Remember where you put things. Uses GPS to calculate distance.

Say What Happens
"Remember my car is in lot B level 3" Saves with GPS + timestamp
"Where are my keys?" "Your keys were on the kitchen counter, 2 hours ago. That's very close to where you are now."
"Where did I park?" Retrieves car location with distance

Live Translation

Continuous real-time translation of spoken foreign language.

Say What Happens
"Start translating Spanish to English" Begins continuous translation
"Stop translating" Ends session, reports count
"Switch to Japanese to English" Changes languages on the fly

Supports 25+ languages including Spanish, French, German, Japanese, Chinese, Korean, Arabic, and more.

Social Context

Build dossiers about people you meet.

Say What Happens
"Remember Sarah works at Google and likes hiking" Fact saved
"What do I know about Sarah?" "About Sarah: works at Google, likes hiking. First noted 3 days ago."

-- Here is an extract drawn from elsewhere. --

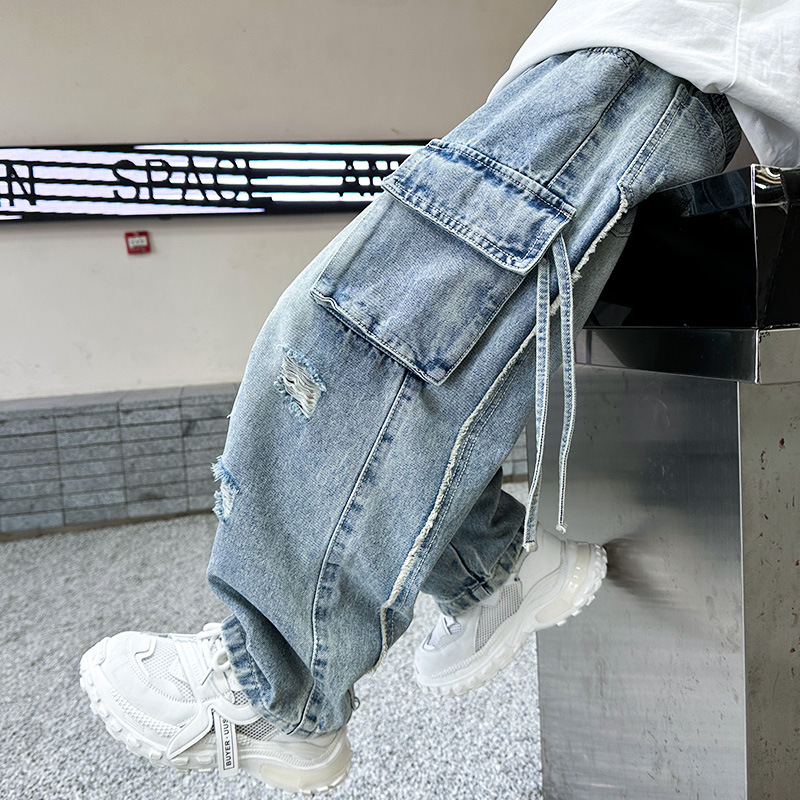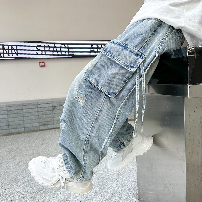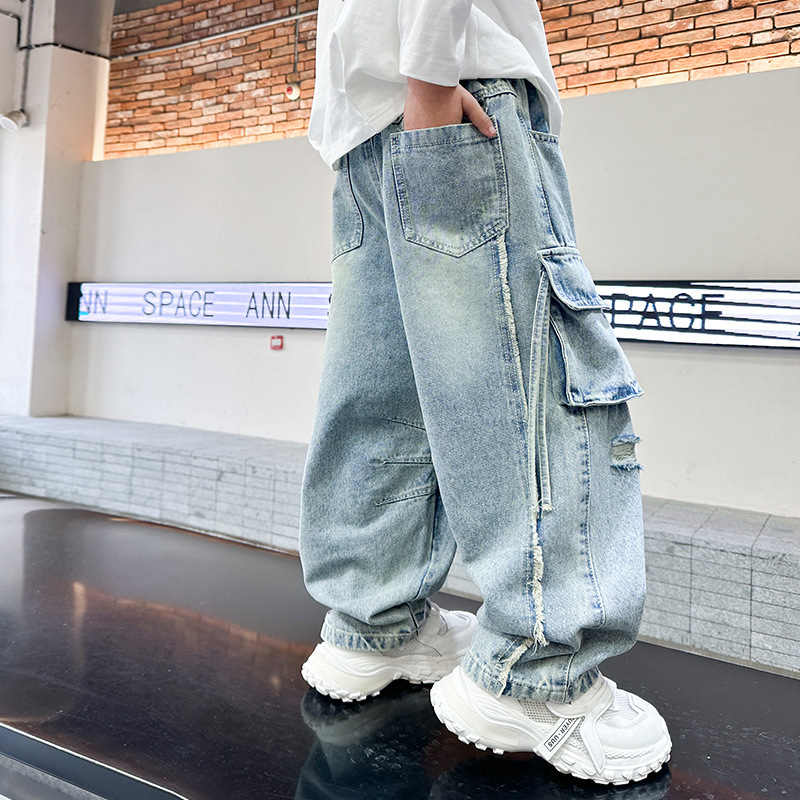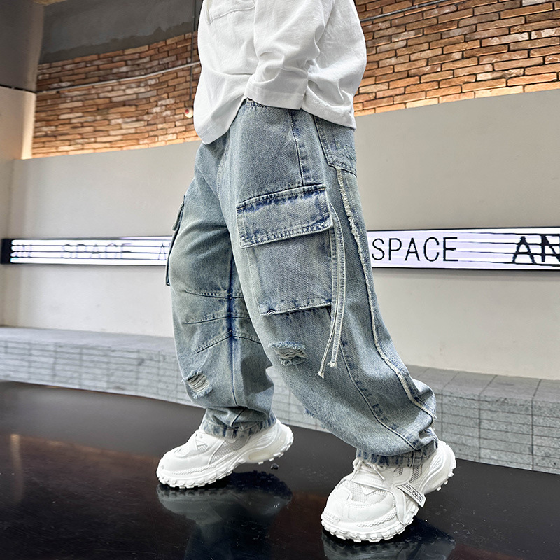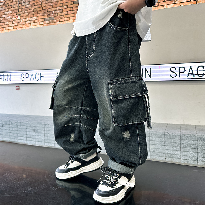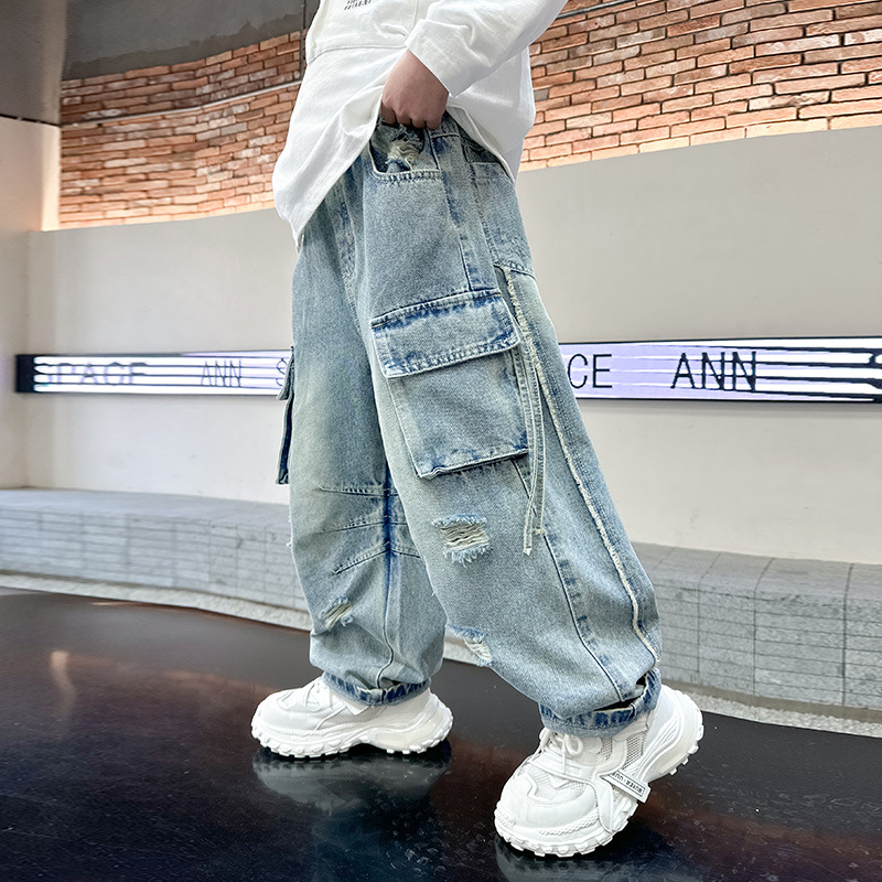 봄과 가을 중다 소년 데님 크레인 바지 새로운 아동복 어린이 소년 봄과 가을 캐주얼 크레인 바지 성격 유행스토어 가기
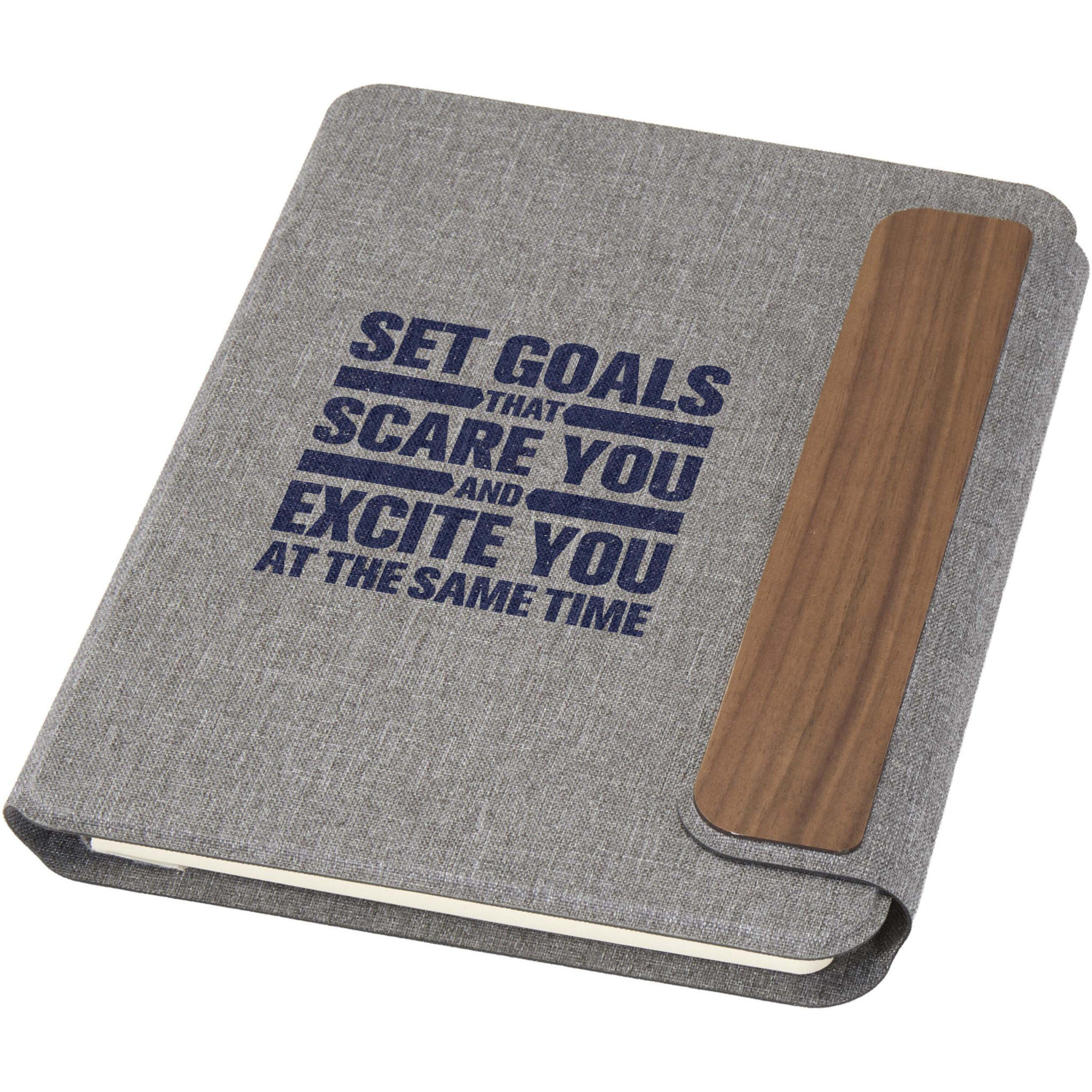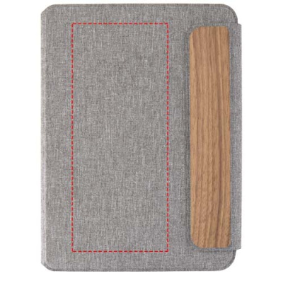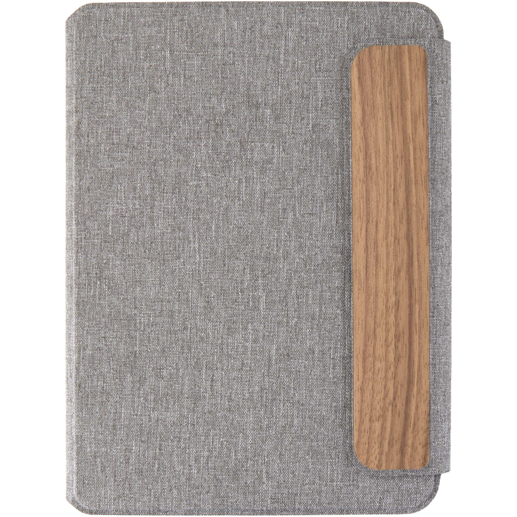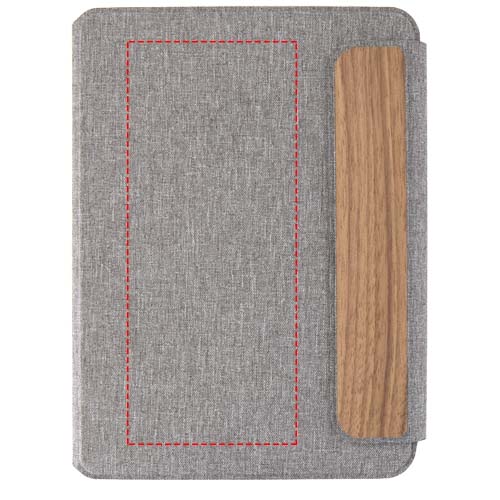 The Andean A5 portfolio is partly made from RCS certified recycled post-consumer polyester, offering a more sustainable alternative by reducing reliance on virgin materials. Designed with a sleek grey hard cover featuring rounded corners and precision welded technology, it is secured with a magnetic closure accented by a refined walnut wood detail—adding a modern and sophisticated touch. Inside, you'll find a removable softcover notebook with 64 cream-coloured lined sheets, made from 80 g/m² responsibly sourced paper. Presented in a kraft-coloured paper sleeve.

Works alongside face recognition — when the AI recognizes someone, it can recall your notes about them.

On-Device Knowledge Brain

A private, on-device knowledge graph that quietly connects what you tell it — people, places, things, and how they relate — with zero cloud calls. Notes, social context, face encounters, and meeting summaries all feed it, and the AI can query the whole graph in one step.

Say What Happens
"Who did I meet at the conference?" Recalls people and where/when you encountered them
"How do I know Sarah?" Traces the facts and relationships linking you

Native-first — it works without any external gateway, and everything stays on the phone.

Barge-In

Interrupt the AI mid-sentence by saying any wake word. It stops immediately and starts listening to your new question.

Prompt Presets

Switch AI personality without reconfiguring. Built-in presets:

Preset Style
Default Balanced, 2-4 sentences, conversational
Concise 1-2 sentences max, no filler
Technical Precise, jargon-appropriate, data-dense
Creative Playful, witty, expressive
Navigation Aid Spatial awareness, obstacle detection, sign reading

Create your own in Settings → System Prompt.

Custom Tools

Define new tools without writing code. Map to Siri Shortcuts or URL schemes.

Settings → Transparency → Custom Tools → Add:

  • Shortcut tool: triggers a Siri Shortcut by name
  • URL tool: opens a URL with parameter substitution

Example: a "log_water" tool that runs your "Log Water" shortcut when the AI decides you need it.

MCP Servers (Model Context Protocol)

Connect to any MCP-compatible tool server directly from your phone.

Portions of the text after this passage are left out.